EASTERN DISTRICT OF CALIFORNIA

PRO 49 DEVELOPMENT, LLC, a 

California limited liability 

company,

Plaintiff,

v.

NESS EXPRESS 1, LLC, a Delaware 

limited liability company; ADAM 

DECKER, an individual; JOSEPH 

DECKER, an individual, et al.,

Defendants.

No. 2:24-cv-01850-JAM-JDP

ORDER DENYING DEFENDANTS’

MOTION TO DISMISS

Before the Court is Defendants Adam Decker and Joseph 

Decker’s (collectively, the “Deckers”) motion to dismiss. See

Mot., ECF No. 22. Pro 49 Development (“Plaintiff”) opposes.
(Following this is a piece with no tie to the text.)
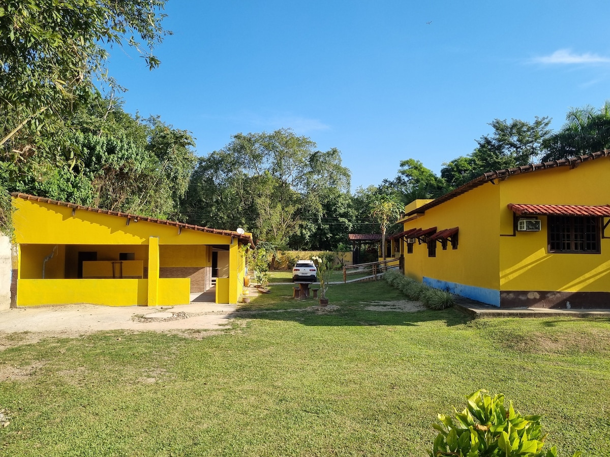 Opustite se sa porodicom u ovom mirnom smještaju u Saquaremi, u ruralnoj četvrti, 15 km od najboljih plaža i vodopada. Ekskluzivno mjesto za nezaboravne trenutke, zajedno sa prirodom, sa svom udobnošću, privatnošću i sigurnošću, u prelijepoj kući sa klima-uređajem, privatnom kuhinjom, kupatilom, pristupom roštilju, zamrzivaču, stonom tenisu, 2 spoljna kupatila, ekskluzivnim i besplatnim parkingom u sklopu objekta. Udaljen je 5 km od centra Bakaksa, 10 km od centra Sakve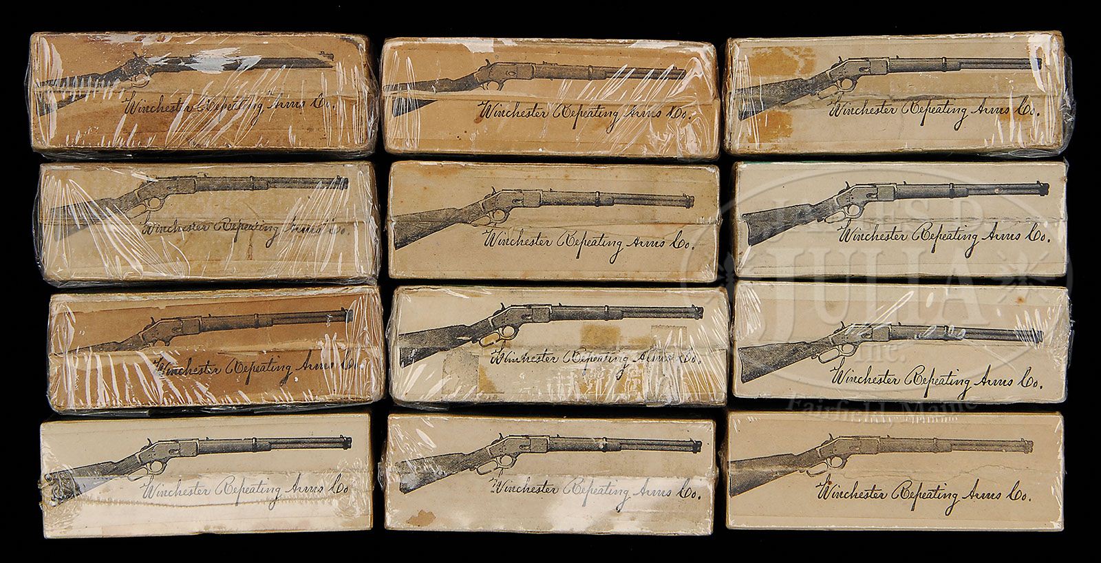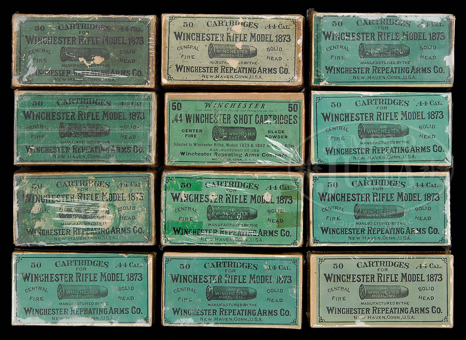 LOT OF SIX BOXES OF WINCHESTER MODEL 1873 44 WCF CARTRIDGES; ONE BOX 44 WCF SHOT CARTRIDGES; AND SIX EMPTY BOXES. 1) One sealed box 44 Winchester shot cartridges, green top label and orange band, marked on end “SHOT CARTRIDGES / 44 WINCHESTER / NO. 8 SHOT” over a large red “W”. 2) Six full sealed boxes of 44 WCF cartridges with green labels and buff colored bands with a Model 1873 carbine on one side. 3) Six empty boxes, identical to the six full boxes. PROVENANCE: Wes Adams Estate Collection. CONDITION: 1) Very good to fine, box is completely intact with lightly faded and soiled top label, showing a couple spots of wear. Orange band is moderately to heavily faded. Box is heavily yellowed. 2) Boxes appear to be all identical with one showing moderate to heavy fading on top label, the other five very light fading and all six showing light wear and soil. 3) Two of the empty boxes appear to be complete with light to heavy soil and tape on one of them, and the other is missing about 15% of its band. The other four boxes are each missing an end flap, three from the top and one from the bottom. All show light to heavy wear and light to moderate soil. All boxes are sealed in plastic and the cartridges were not checked. 4-44885-4 JR79 (2,500-4,000)

See

Opp’n, ECF No. 24. The Deckers reply. See Reply, ECF No. 26. 

For the following reasons, Defendants’ motion is DENIED.1

I. FACTUAL ALLEGATIONS AND PROCEDURAL BACKGROUND

Plaintiff originally filed suit in the Superior Court of 

California, County of Placer. See Notice of Removal, ECF No. 1. 

Defendants then properly removed the case to federal court under 

1This motion was determined to be suitable for decision without 

oral argument. E.D. Cal. L.R. 230(g). The hearing was 

scheduled for November 19, 2024.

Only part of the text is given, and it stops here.